MRC study shows that Mediterranean diet could prevent 19,000 deaths a year in UK
9 Nov 2017
This case study forms part of our Investing for Impact report, looking at how MRC- funded research delivers impact. More can be found in the Investing for Impact section of our website.
In 2016, MRC-funded scientists studying the UK’s eating habits showed that thousands of deaths from heart disease and stroke could be prevented if everybody ate a Mediterranean diet. The health benefits of the Mediterranean diet, rich in olive oil and fruits and vegetables, have had a popular following for many years, but the study is the first to look at it in the real world of the UK thanks to the EPIC-Norfolk cohort group.
The Mediterranean diet is the traditional diet in Mediterranean regions such as Greece and Southern Italy. The diet includes a lot of fruit and vegetables, olive oil, nuts, legumes, some fish and dairy, and little red and processed meat. Since its recognition, following the Mediterranean diet has been associated with a lower incidence of non-communicable health conditions, including cardiovascular diseases, cancer, and neurodegenerative diseases as well as a longer lifespan. However, evidence regarding the health benefits of the Mediterranean diet in non-Mediterranean regions is less consistent. In addition, the population impact of a cardiovascular benefit from following the Mediterranean diet at the general population level was unknown.
To tackle these gaps in our knowledge, Professor Kay-Tee Khaw at the University of Cambridge and Professor Nick Wareham at the MRC Epidemiology Unit analysed data from the European Prospective Investigation into Cancer and Nutrition (EPIC) cohort in Norfolk (EPIC-Norfolk). Gathering data about eating habits among nearly 24,000 people in Norfolk over an average of 12 to 17 years, the research team published their results in 2016. This study showed 12.5 percent of heart attack and stroke deaths that occurred may have been prevented with alterations in diet. In the context of the UK as a whole, that would be 19,000 deaths averted out of the 155,000 that occur as a result of heart disease each year.

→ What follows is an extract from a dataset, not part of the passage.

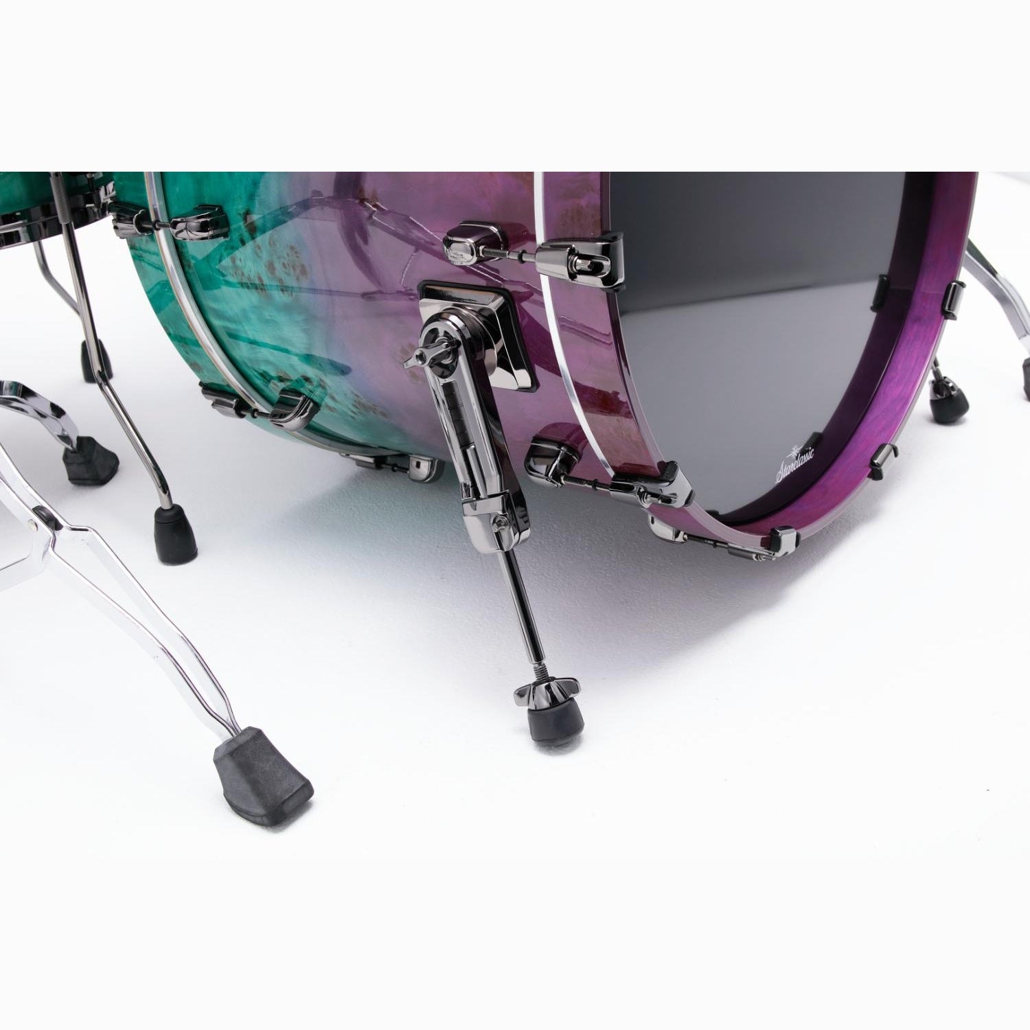 The Walnut/Birch shell for toms and floor toms is 6mm thick and constructed using 4-ply European Birch for the outer plies with 2-ply American Black Walnut interior plies. The bass drum shell specification is 8mm, 5-ply European Birch outer plies with 2-ply American Black Walnut interiors. The interior walnut shell ply includes a lacquer coating treatment, which adds an element of liveliness to the overall tone. Drum hardware includes die-cast hoops, Star-Cast Mounting System, and Quick-Lock brackets on the toms and floor toms. These features ensure precise tuning, crisp sonic attack, flexible adjustability, as well as overall rock-solid durability and stability.

The UK NICE guidelines recommend a Mediterranean based diet for people already diagnosed with cardiovascular disease, to prevent further cardiovascular episodes such as heart attack and stroke. However, until now the association of the Mediterranean diet with preventing the disease occurring in the first instance has not been examined in the UK. This important study by Professor Khaw and the EPIC-Norfolk team highlights that a Mediterranean diet can indeed help prevent heart disease.
With the help of more than 30,000 people living in Norfolk, the EPIC-Norfolk cohort provides data-based evidence for health policies to prevent or delay disease onset and maintain health and independence in older people. EPIC-Norfolk researchers such as Professor Khaw do this by trying to understand the factors that are most often present when people stay healthy and also factors more likely to be present should they develop a particular health condition or disease. The cohort is made up of men and women who were aged between 40 and 79 when they joined the study and who lived in Norwich and the surrounding towns and rural areas. They have been contributing information about their diet, lifestyle and health through questionnaires and health checks over two decades, and represent an invaluable source of diet and lifestyle information. EPIC-Norfolk is funded by the MRC, Cancer Research UK, NIHR, and the Wellcome Trust.